Reversal Days

Sometimes called blowoffs and selling climaxes, these are dramatic market actions. The two terms are opposites. Blowoffs happen at market tops, and selling climaxes occur at bottoms. Take a look at the Light Sweet Oil chart again–


A blowoff occurs when the price shoots up with increased volume, but the open interest declines, and the price peaks and drops abruptly. You can see that the high of 83.975 occurred with an increase in volume but a declining open interest. The result was a sudden drop back.

The definition of a top reversal or blowoff is when a new high is set in an uptrend, but the close is lower than the previous day. As you can see on the enlarged section above, the red candlestick fulfils this definition. The high of 83.975 was the peak achieved by the price during this period, but the red candle, bearish in this color scheme, shows a close way down at the level of the dotted line, which in this case represents 82.000.
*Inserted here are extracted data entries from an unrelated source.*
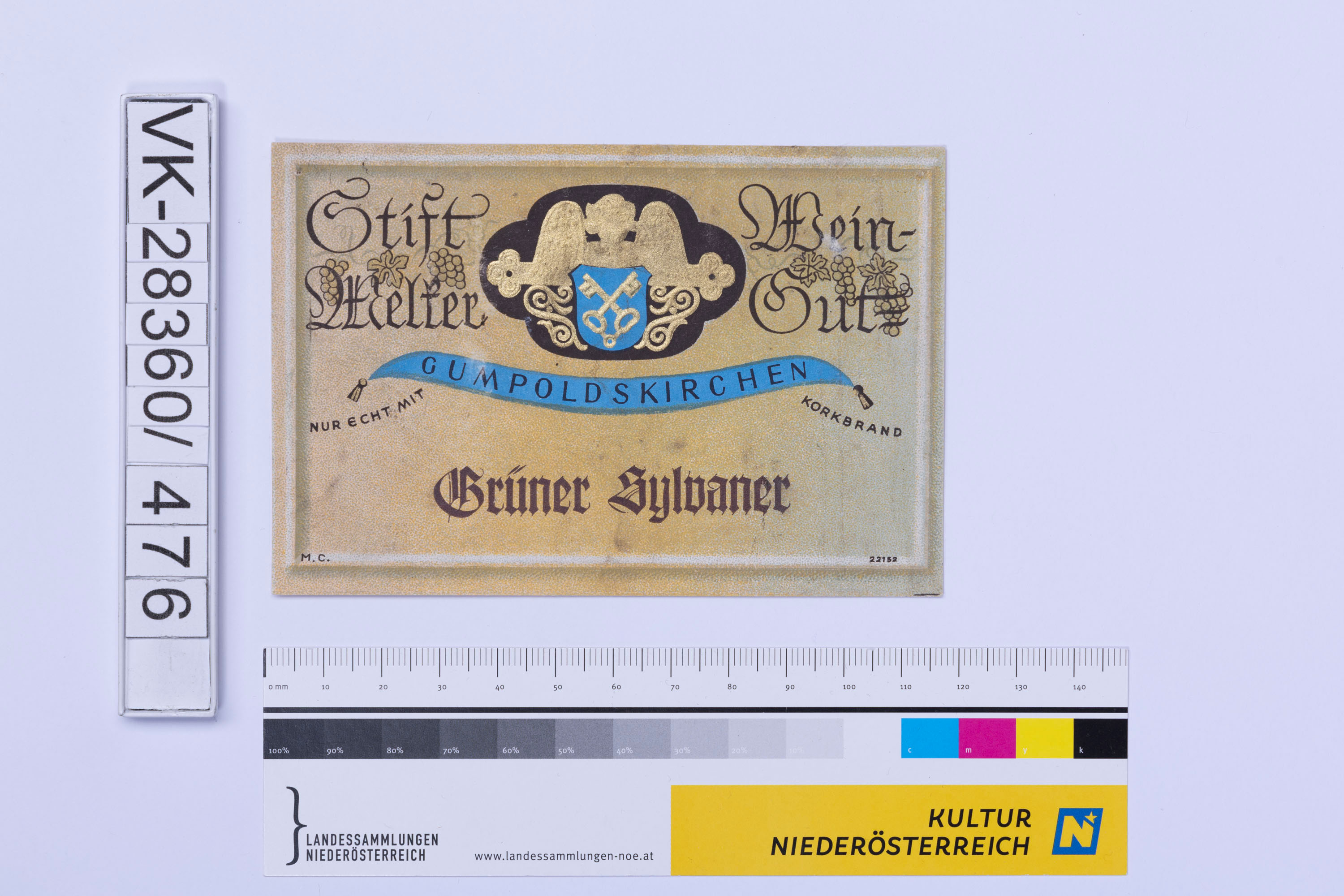 Abgelöstes Weinflaschenetikett aus einer Sammlung von den 1940er bis zu den frühen 1960er Jahren; Weinsorte: "Grüner Sylvaner", Wappendarstellung; Weinbau, Kellerei bzw. Handel: "Stift Melker Wein-Gut GUMPOLDSKIRCHEN"
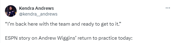 归队训练后维金斯表示:我必须照顾好我必须照顾的事情,然后在我认为合适的时候回来,这就是我的感觉。我和球队一起训练,我准备好了。
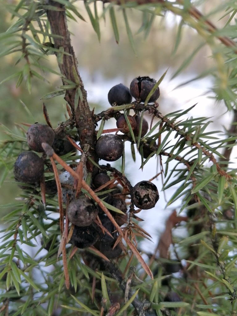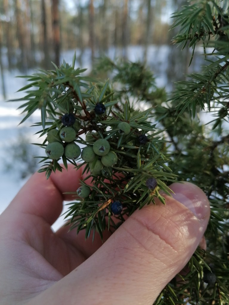 zielone niedojrzałe owoce jałowca pospolitego, mają cytrusowy posmak
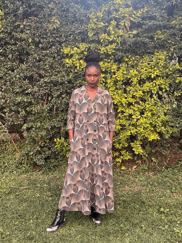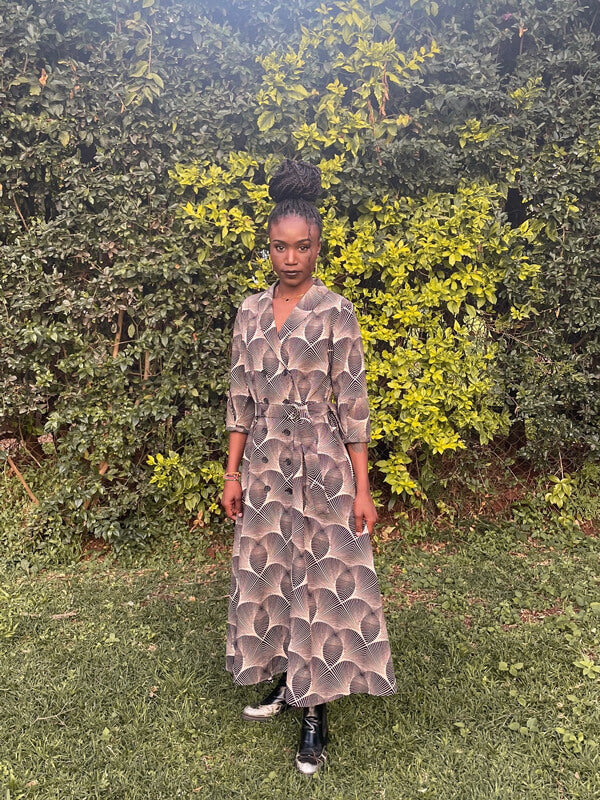 今年の秋の新作ワンピースは、ダブルボタンとショールカラーがシックでクラシックな、マキシ丈のワンピース。前にスリットの入った袖口は、動きに合わせて手首が見え隠れしエレガントな表情を演出。袖口を折り返して七分丈にするとフォーマルな印象に。ゆるAラインのワンピースとしてそのまま着用するもよし、付属のDカンベルトを使用してウエストマークしスッキリと着こなすのも◎。まるでコートのようなワンピースは、もちろん羽織りとしても活躍すること間違いなし。

Reversal days do not have to be in futures, you can see the same chart pattern in any security, but with other financial instruments you will not have the clue of declining open interest to warn you that it may be about to happen. You will however still see an increased trading volume.

This is a signal for a near-term trend reversal, and is stronger the larger the day’s trading range, and the greater the volume. In this case, the reversal was dramatic, as you can see.

The bottom reversal day, or selling climax, is just as dramatic. There is heavy volume as many of the long positions decide to sell out of the downtrend, and with the selling pressure off the prices quickly rally again. Prices may continue to rally or decline again later, but this low point is a significant factor.

Reversal days can be seen on weekly and monthly charts too, where analysts regard them as much more significant. For instance, on a weekly upside reversal, the market would trade lower during the week and make a new low for the price move, but by Friday the price at the higher than the previous Friday’s close. On a monthly chart a top reversal pattern would be when the market has been trading higher this month than last, making a new high, but the month closes with the price below last month’s close. It is obvious that these booths are much more significant, because they are sustained over the period of a week or a month rather than single daily occurrences.

Just to recap, the reversal day (or week or month) does not necessarily signal the top or bottom of the market, but often will. It does however always signal a significant high or low in the market.